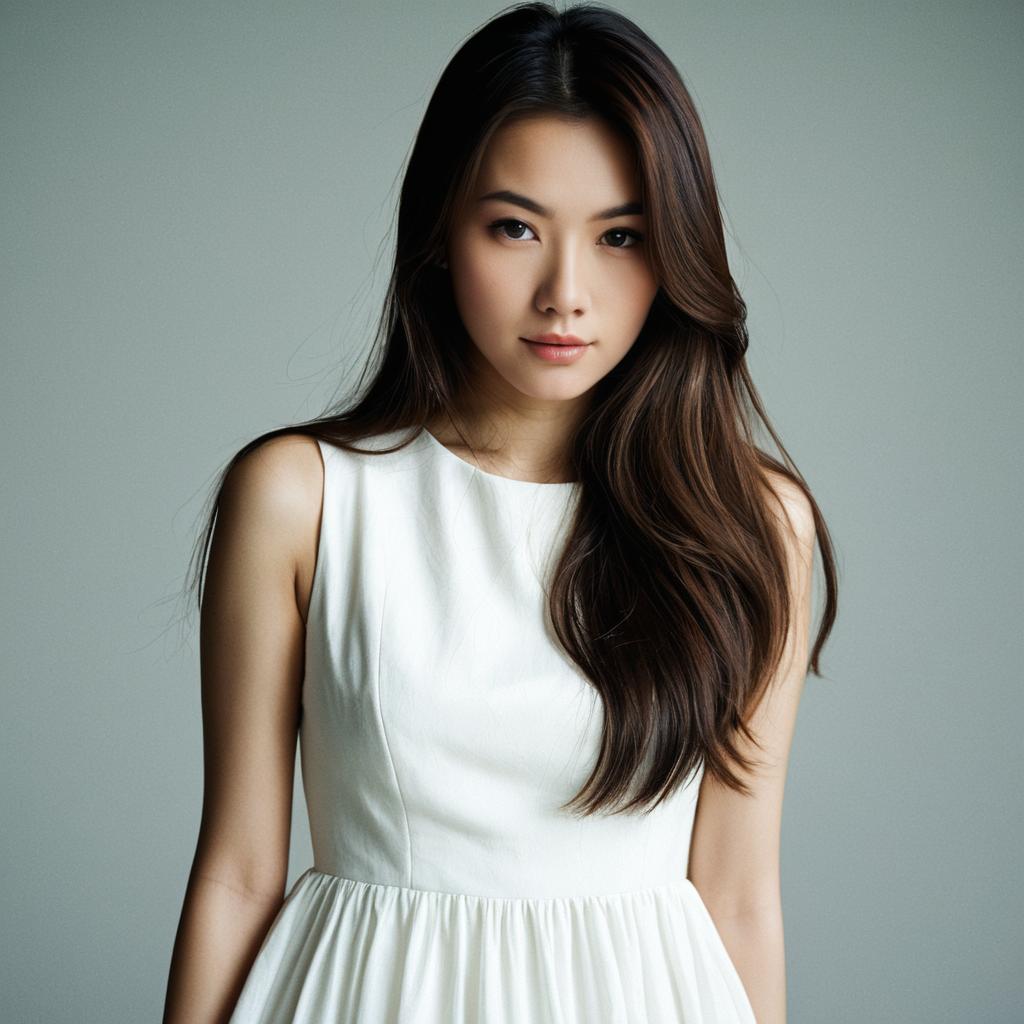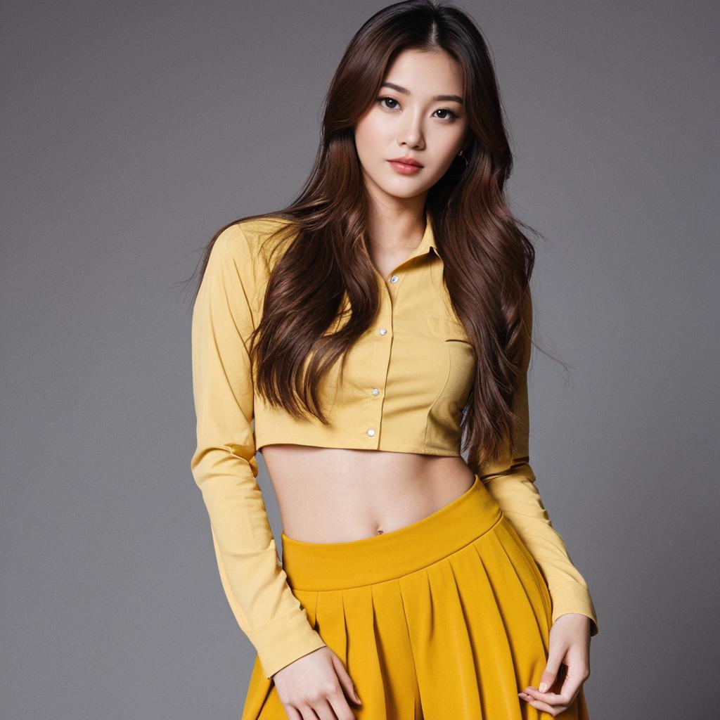 Photorealistic image of an East Asian woman with long brown hair and brown eyes, wearing a yellow long-sleeve crop shirt and matching yellow pleated palazzo pants. She is posing against a plain gray background, looking directly at the camera. The outfit highlights her midriff and navel, with a stylish and modern aesthetic influenced by K-pop fashion.
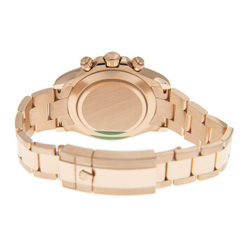 18kt everose gold case with a 18kt everose gold Rolex oyster bracelet. Fixed 18kt everose gold bezel showing tachymeter markings. Brown dial with luminous everose gold hands and index hour markers. Minute markers around the outer rim. Dial Type: Analog. Luminescent hands and markers. Chronograph - three sub-dials displaying: 60 second, 30 minute and 12 hour. Rolex calibre 4130 automatic movement, based upon Rolex 4030, containing 44 Jewels, bitting at 28800 vph, and has a power reserve of approximately 72 hours. Scratch resistant sapphire crystal. Screw down crown. Solid case back. Round case shape. Case size: 40 mm. Oysterlock clasp. Water resistant at 100 meters / 330 feet. Functions: chronograph, hour, minute, second, chronometer. Cosmograph Daytona Series. Luxury watch style. Watch label: Swiss Made. Item Variations: M116505-0013. Rolex Cosmograph Daytona Chronograph Automatic Chronometer Brown Dial Men's Watch 116505-0013.
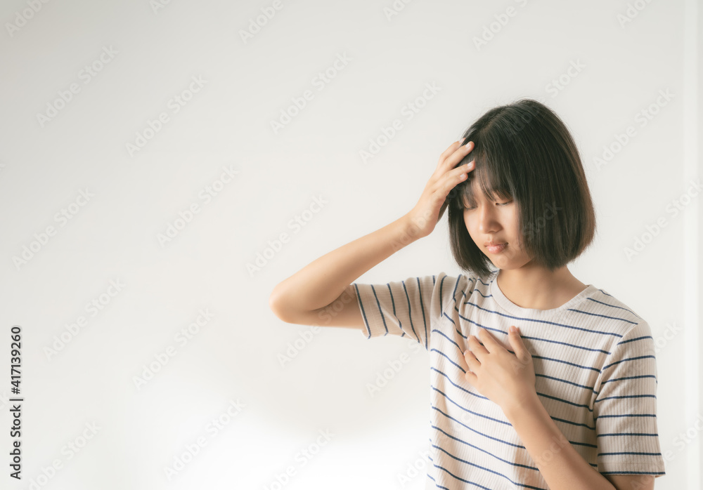 Asian women showing headaches and chest pain.
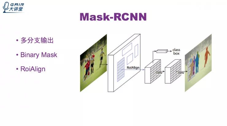 第一个特点它是多分支输出的。它同时输出物体的类别,bounding box和Mask。
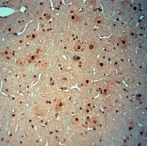 - IHC-P on paraffin sections of rat spinal cord.The animal was perfused using Autoperfuser at a pressure of 130 mmHg with 300 ml 4% FA before being processed for paraffin embedding. HIER: Tris-EDTA, pH 9 for 20 min using Thermo PT Module.Blocking: 0.2% LFDM in TBST filtered thru 0.2 um. Detection was done using Novolink HRP polymer from Leica following manufacturer's instructions; DAB chromogen. Primary antibody dilution 1: 1000, incubated 30 min at RT using Autostainer. Sections were counterstained with Harris Hematoxylin.Small neurons are stained and also some nuclear staining is observed.
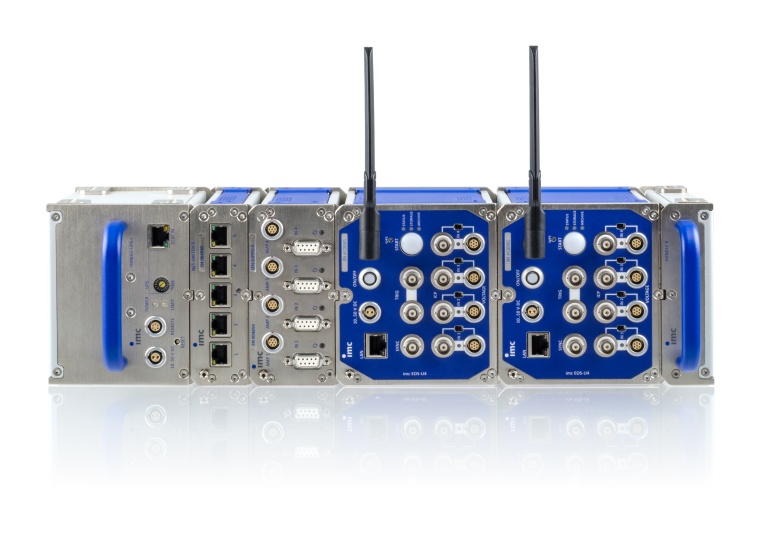 Werden viele derartige Messkanäle benötigt, so kann das Gesamtsystem flexibel erweitert werden, indem mehrere Imc-EOS-Geräte kaskadiert und via Ethernet vernetzt werden. In gleicher Weise lassen sich auch alle anderen Messsysteme aus dem Imc Programm mit Imc EOS gemeinsam betreiben. Alle Geräte der Plattform wie Imc Cronos, Imc Spartan, Imc-C-Serie oder Imc Busdaq sind im Verbund synchron und vernetzt einsetzbar. So können alle Signal und Kanaltypen, vom klassischen DMS über Feld und Fahrzeugbusse (CAN-FD, XCPoE, ARINC etc.) bis hin zu den Telemetrie-Komponenten, gemeinsam in der PC- basierten Betriebssoftware Imc-Studio synchron und uniform zusammengeführt werden. Zudem ist damit auch eine Live-Signalanalyse mit Imc-Inline-Famos möglich.
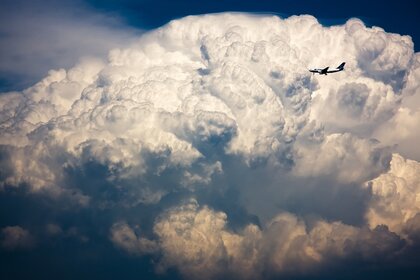 Маленький літак на тлі величезної хмари
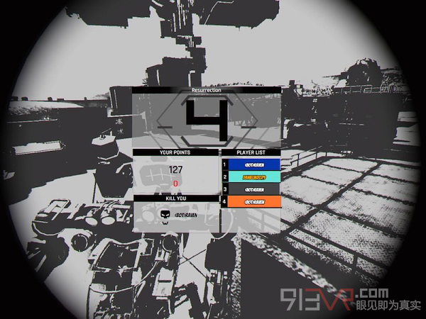 有勝就有負(fù),一不小心,被敵人干掉了!畫面馬上變成黑白色,然后等待讀秒復(fù)活,同時(shí)系統(tǒng)也顯示出了本局目前各玩家的分?jǐn)?shù)排名。
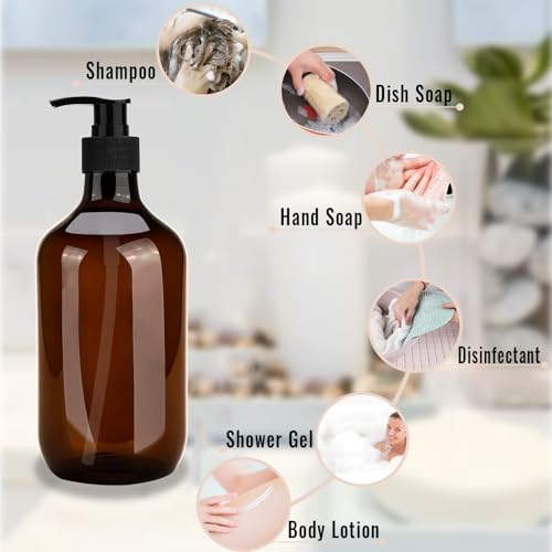 - 【Package Includes】4 x 500ml/17oz pump bottle dispenser, 2 x foldable funnels, and 1 x label paper. Amber soap dispenser is retro and fashionable, suitable for various home styles, meanwhile, it can effectively block UV rays and protect the soap ingredients from photolysis.
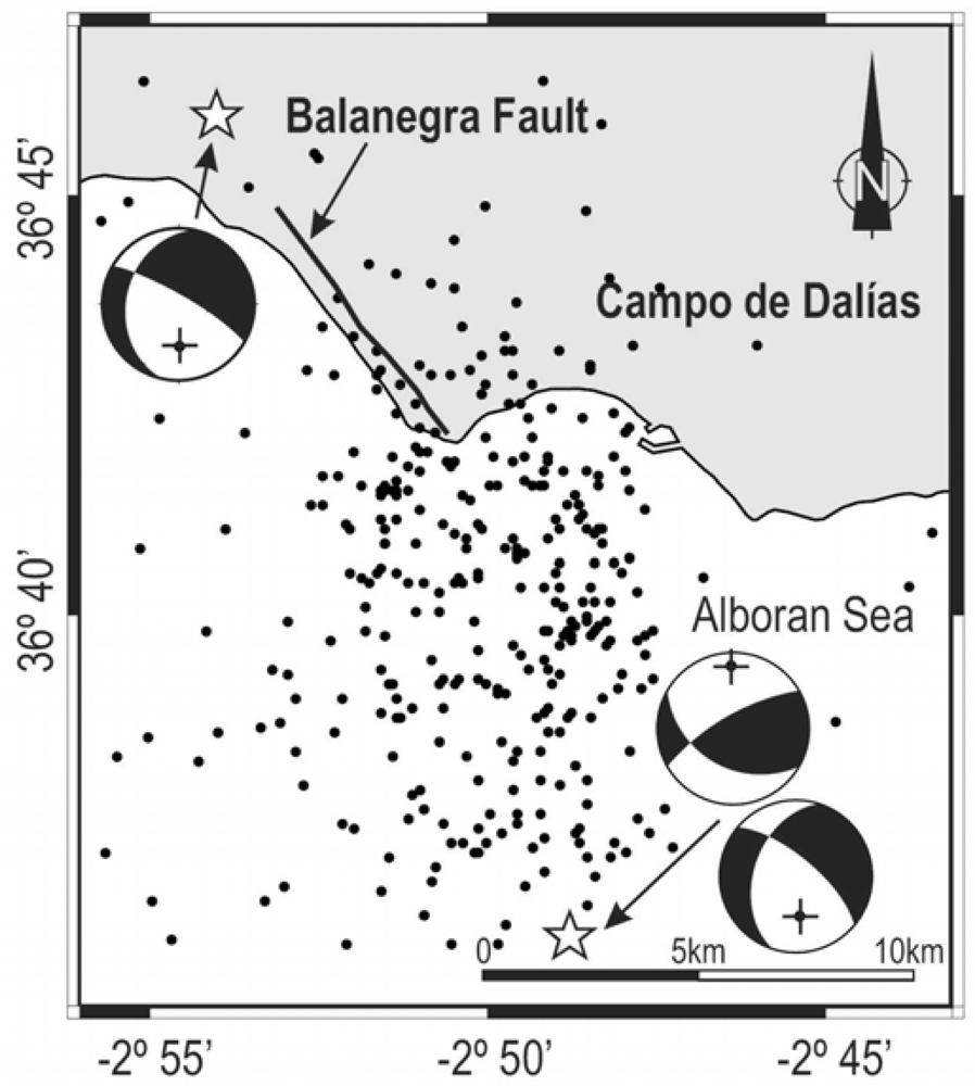 Epicentres and focal mechanisms near the Balanegra Fault.

○ ○ ○ ○ ○

**What you should do**
Write out only the lines from the one that contains "- 【Package Includes】4" through the last line of the records above, both included, word for word and without the pictures.

**Solution to the problem**
 - 【Package Includes】4 x 500ml/17oz pump bottle dispenser, 2 x foldable funnels, and 1 x label paper. Amber soap dispenser is retro and fashionable, suitable for various home styles, meanwhile, it can effectively block UV rays and protect the soap ingredients from photolysis.
 Epicentres and focal mechanisms near the Balanegra Fault.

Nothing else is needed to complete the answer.